__Work required__.
Output the line containing "Coleção Al Haramain" and each line after it through the end of the data, exactly as written, with pictures left out.

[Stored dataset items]
● ● ● ●

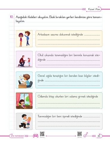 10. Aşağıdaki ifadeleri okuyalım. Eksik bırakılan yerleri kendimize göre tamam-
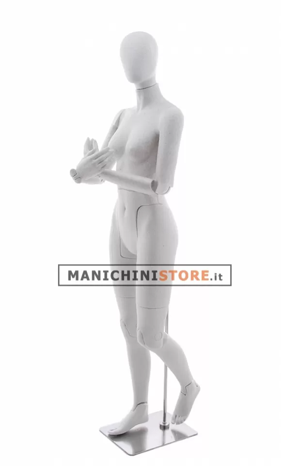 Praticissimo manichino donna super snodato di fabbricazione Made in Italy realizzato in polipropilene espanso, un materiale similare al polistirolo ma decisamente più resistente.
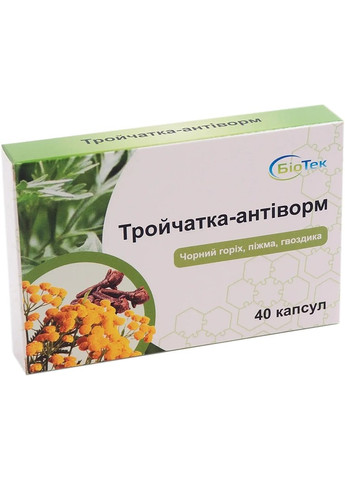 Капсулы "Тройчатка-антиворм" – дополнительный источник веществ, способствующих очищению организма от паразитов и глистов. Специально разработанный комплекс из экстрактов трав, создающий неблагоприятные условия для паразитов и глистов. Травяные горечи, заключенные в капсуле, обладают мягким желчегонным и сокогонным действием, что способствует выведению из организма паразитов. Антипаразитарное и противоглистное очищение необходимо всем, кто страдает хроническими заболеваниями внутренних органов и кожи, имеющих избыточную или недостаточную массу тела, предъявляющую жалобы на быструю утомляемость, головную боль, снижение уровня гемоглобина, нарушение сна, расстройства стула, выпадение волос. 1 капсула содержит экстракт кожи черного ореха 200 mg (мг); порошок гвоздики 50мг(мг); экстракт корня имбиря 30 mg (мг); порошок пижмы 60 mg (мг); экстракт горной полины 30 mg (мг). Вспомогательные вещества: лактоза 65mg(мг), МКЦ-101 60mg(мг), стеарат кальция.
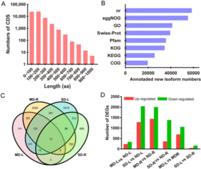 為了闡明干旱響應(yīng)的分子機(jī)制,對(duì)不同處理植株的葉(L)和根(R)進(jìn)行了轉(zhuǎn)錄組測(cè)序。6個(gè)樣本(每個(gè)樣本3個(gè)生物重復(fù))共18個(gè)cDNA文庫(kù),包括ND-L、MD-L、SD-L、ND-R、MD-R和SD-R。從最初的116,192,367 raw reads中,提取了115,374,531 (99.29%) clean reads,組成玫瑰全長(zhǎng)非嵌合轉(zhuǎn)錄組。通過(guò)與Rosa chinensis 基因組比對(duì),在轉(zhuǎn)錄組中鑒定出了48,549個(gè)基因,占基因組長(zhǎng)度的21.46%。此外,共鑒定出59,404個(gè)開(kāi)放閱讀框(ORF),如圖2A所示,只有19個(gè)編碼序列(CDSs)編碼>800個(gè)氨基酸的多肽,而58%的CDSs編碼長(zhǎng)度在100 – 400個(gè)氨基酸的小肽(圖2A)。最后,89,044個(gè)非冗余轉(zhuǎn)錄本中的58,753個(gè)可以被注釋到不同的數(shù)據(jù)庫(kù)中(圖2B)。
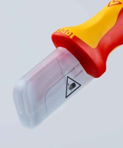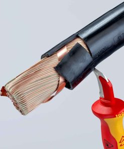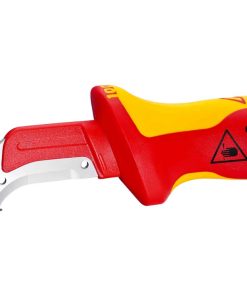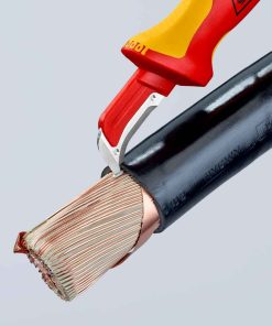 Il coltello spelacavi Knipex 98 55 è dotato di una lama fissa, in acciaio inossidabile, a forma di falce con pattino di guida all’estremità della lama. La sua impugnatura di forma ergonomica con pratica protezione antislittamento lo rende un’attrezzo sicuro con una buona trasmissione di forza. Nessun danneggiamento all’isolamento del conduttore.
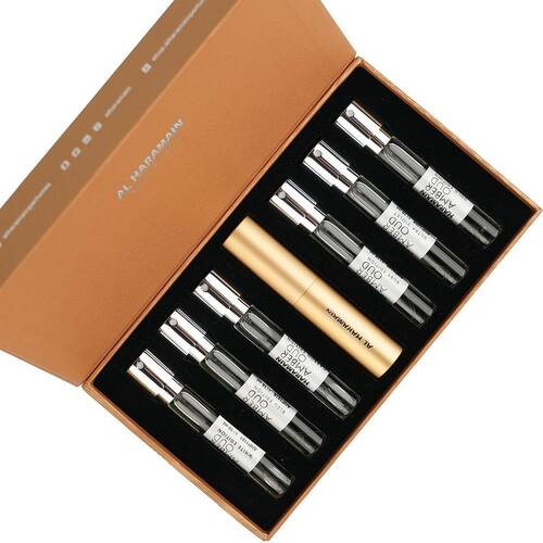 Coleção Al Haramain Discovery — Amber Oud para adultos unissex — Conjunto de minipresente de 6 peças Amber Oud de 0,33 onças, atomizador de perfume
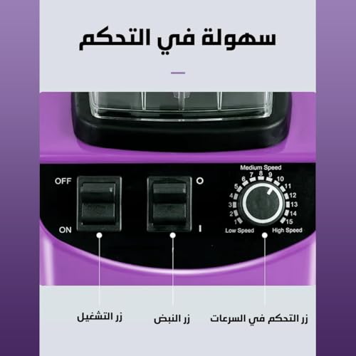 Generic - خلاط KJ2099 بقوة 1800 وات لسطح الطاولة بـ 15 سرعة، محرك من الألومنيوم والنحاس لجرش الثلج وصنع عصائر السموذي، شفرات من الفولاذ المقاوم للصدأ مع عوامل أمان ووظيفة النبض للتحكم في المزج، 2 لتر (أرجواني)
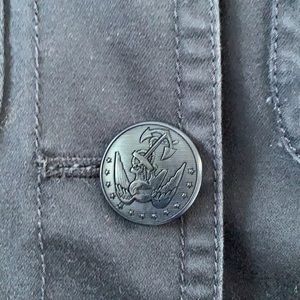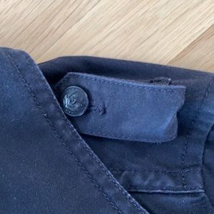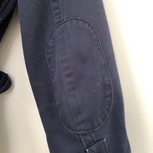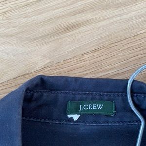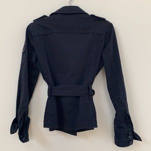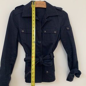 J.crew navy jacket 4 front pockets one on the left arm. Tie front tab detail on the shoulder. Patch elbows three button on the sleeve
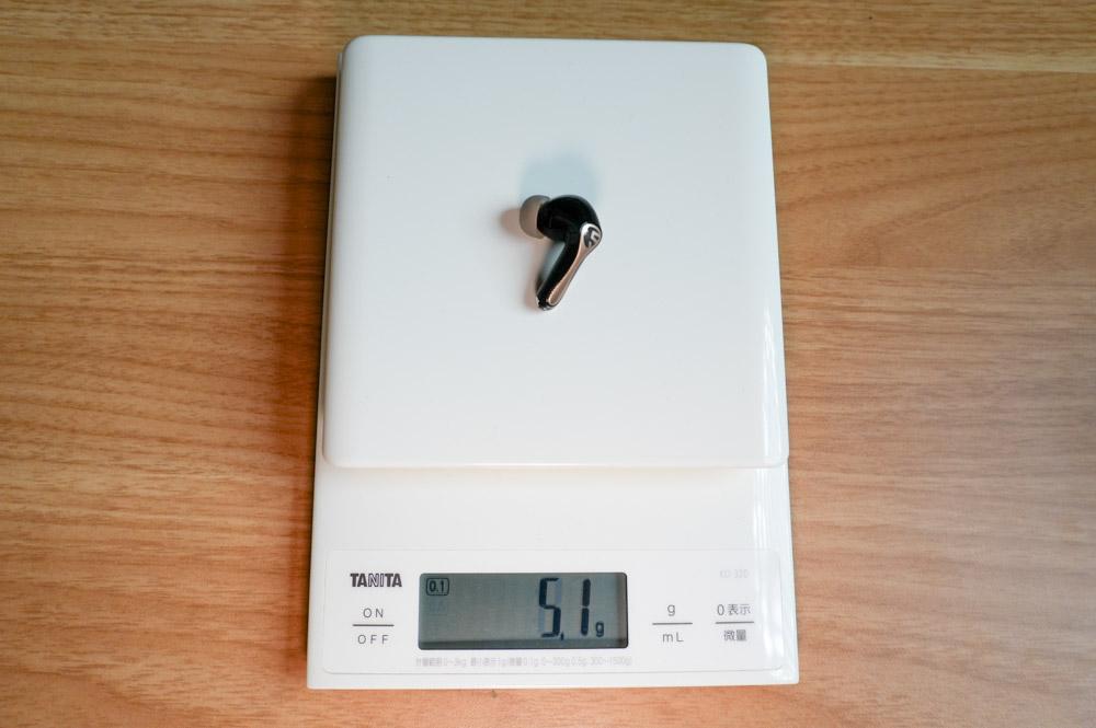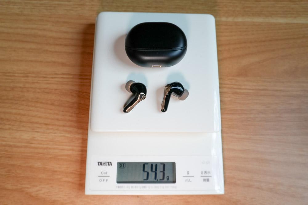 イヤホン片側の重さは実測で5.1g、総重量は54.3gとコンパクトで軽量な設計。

● ● ● ●

__The completed task__.
 Coleção Al Haramain Discovery — Amber Oud para adultos unissex — Conjunto de minipresente de 6 peças Amber Oud de 0,33 onças, atomizador de perfume
 Generic - خلاط KJ2099 بقوة 1800 وات لسطح الطاولة بـ 15 سرعة، محرك من الألومنيوم والنحاس لجرش الثلج وصنع عصائر السموذي، شفرات من الفولاذ المقاوم للصدأ مع عوامل أمان ووظيفة النبض للتحكم في المزج، 2 لتر (أرجواني)
 J.crew navy jacket 4 front pockets one on the left arm. Tie front tab detail on the shoulder. Patch elbows three button on the sleeve
 イヤホン片側の重さは実測で5.1g、総重量は54.3gとコンパクトで軽量な設計。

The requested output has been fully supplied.